===== Recorded data
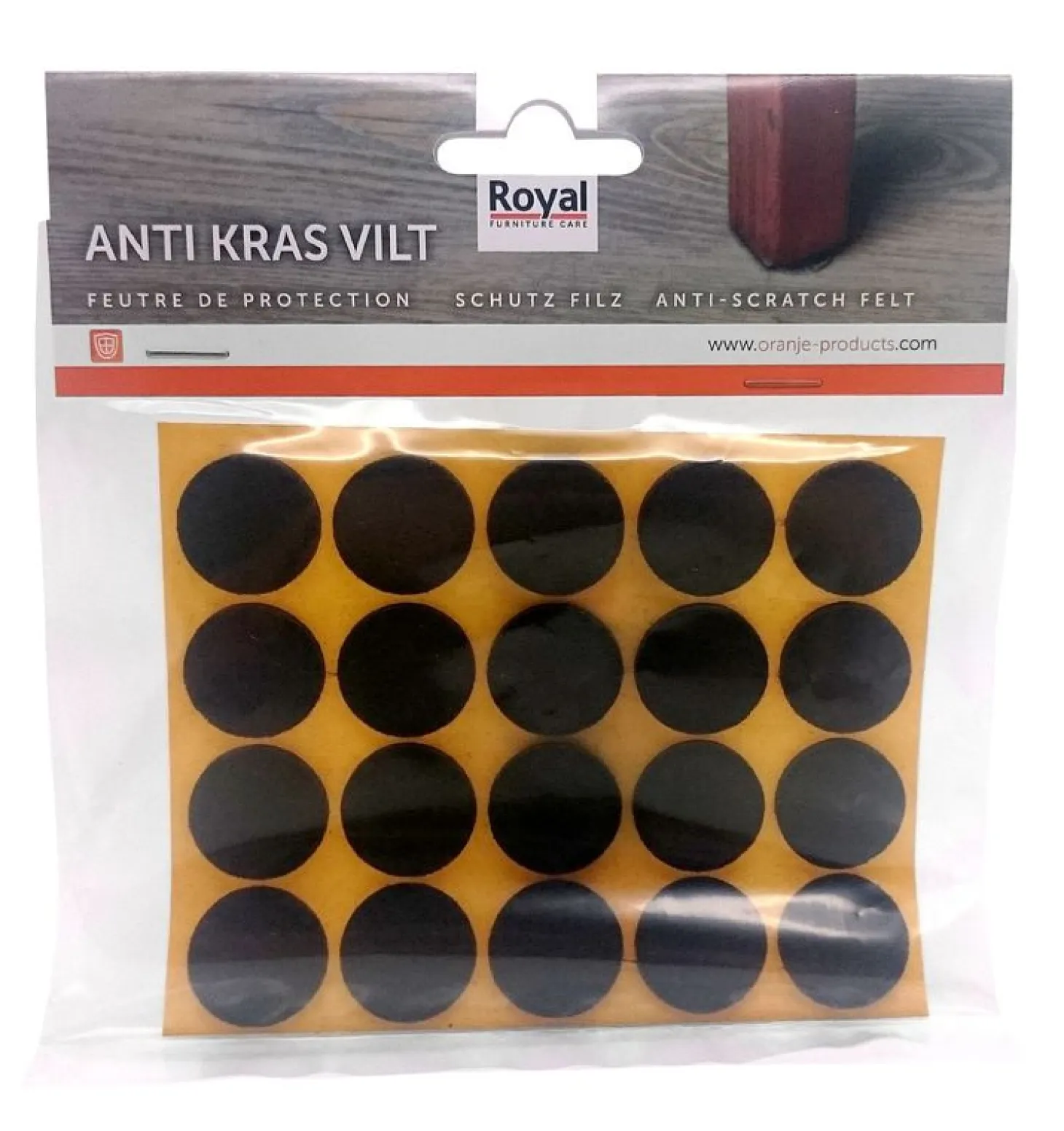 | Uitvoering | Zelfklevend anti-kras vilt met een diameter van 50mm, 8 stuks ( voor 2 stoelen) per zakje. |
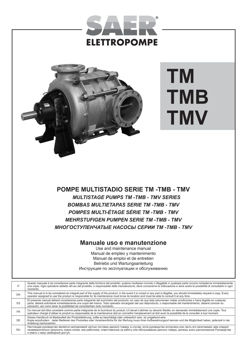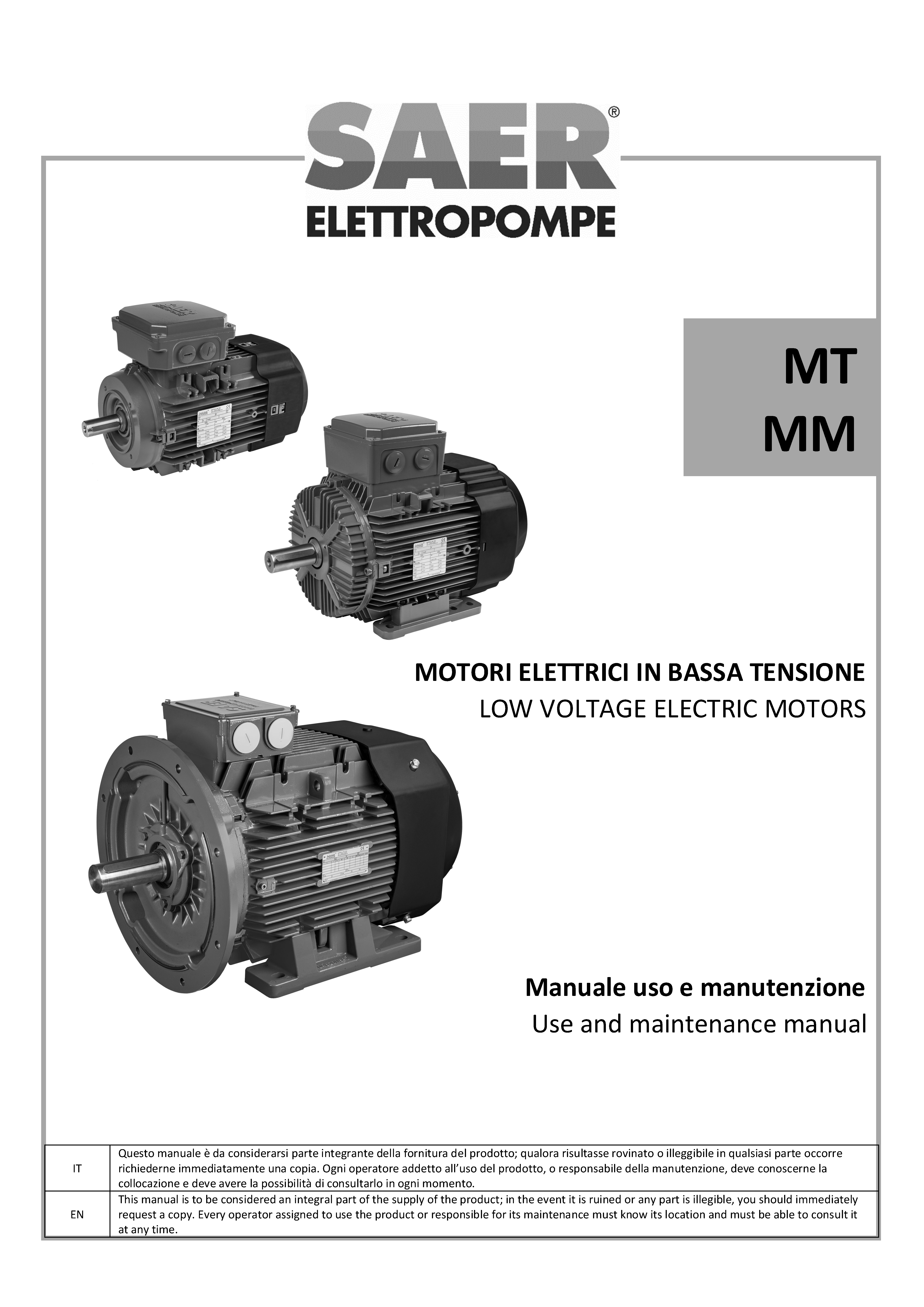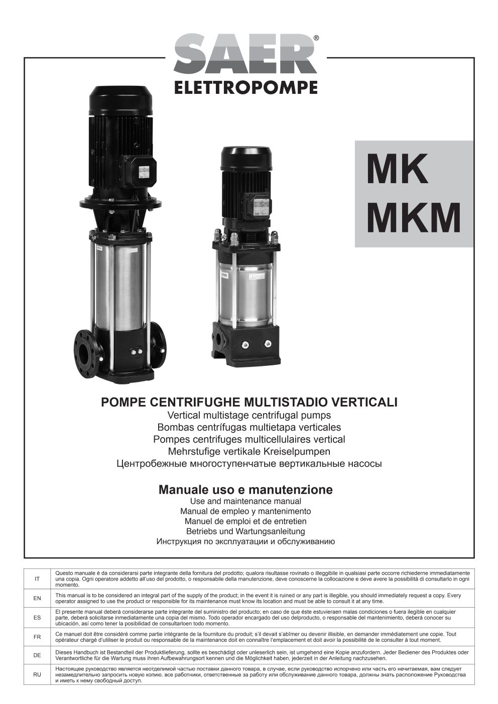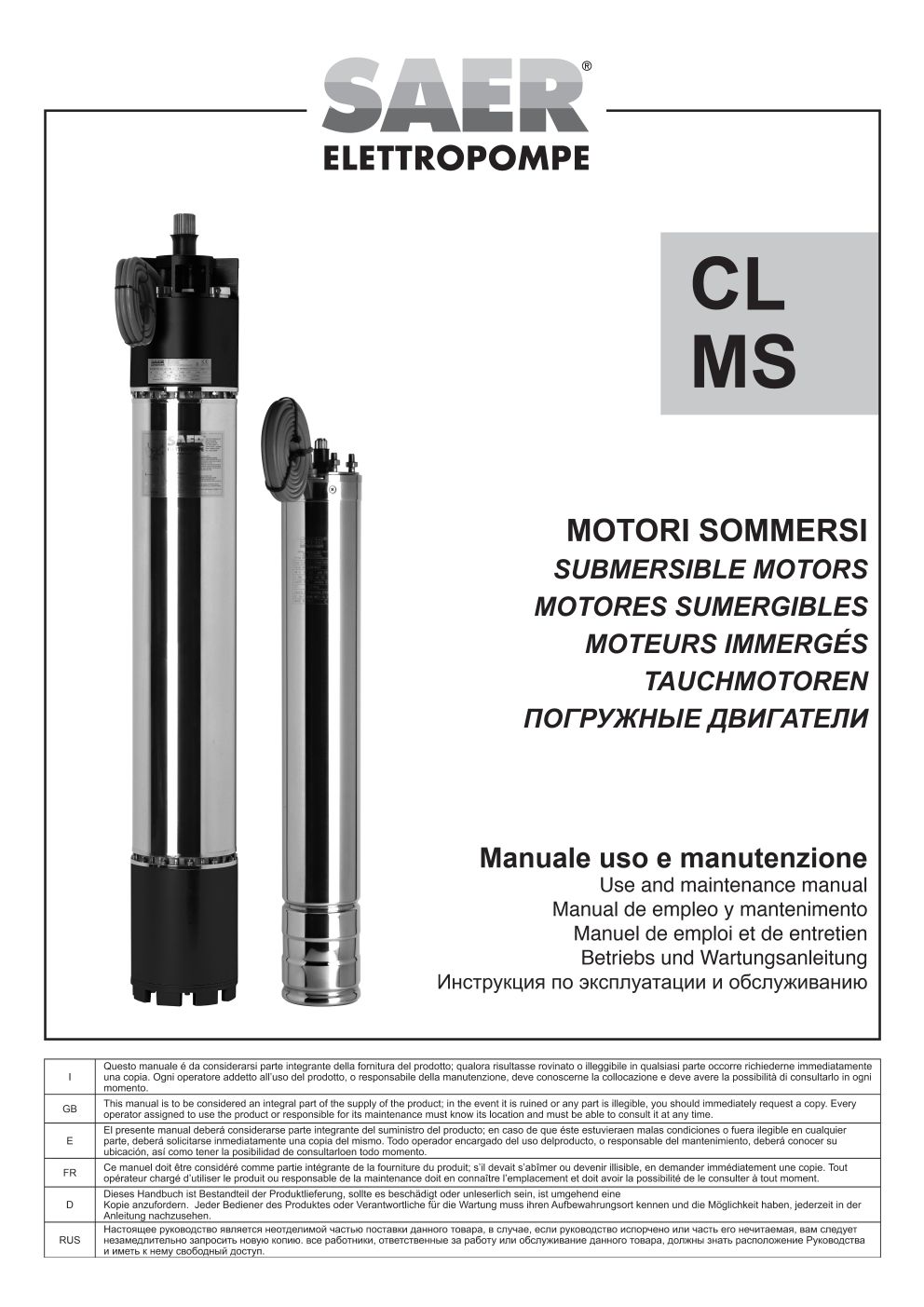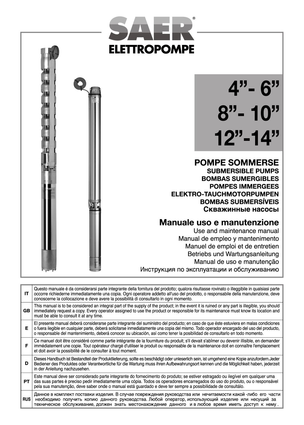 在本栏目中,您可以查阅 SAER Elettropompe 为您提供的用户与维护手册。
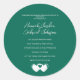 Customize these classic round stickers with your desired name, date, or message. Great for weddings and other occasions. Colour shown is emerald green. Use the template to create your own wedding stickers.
==========
> **Problem statement**: Everything in the material except the pictures should be output verbatim.

> **Exercise result**:
 | Uitvoering | Zelfklevend anti-kras vilt met een diameter van 50mm, 8 stuks ( voor 2 stoelen) per zakje. |
 在本栏目中,您可以查阅 SAER Elettropompe 为您提供的用户与维护手册。
 Customize these classic round stickers with your desired name, date, or message. Great for weddings and other occasions. Colour shown is emerald green. Use the template to create your own wedding stickers.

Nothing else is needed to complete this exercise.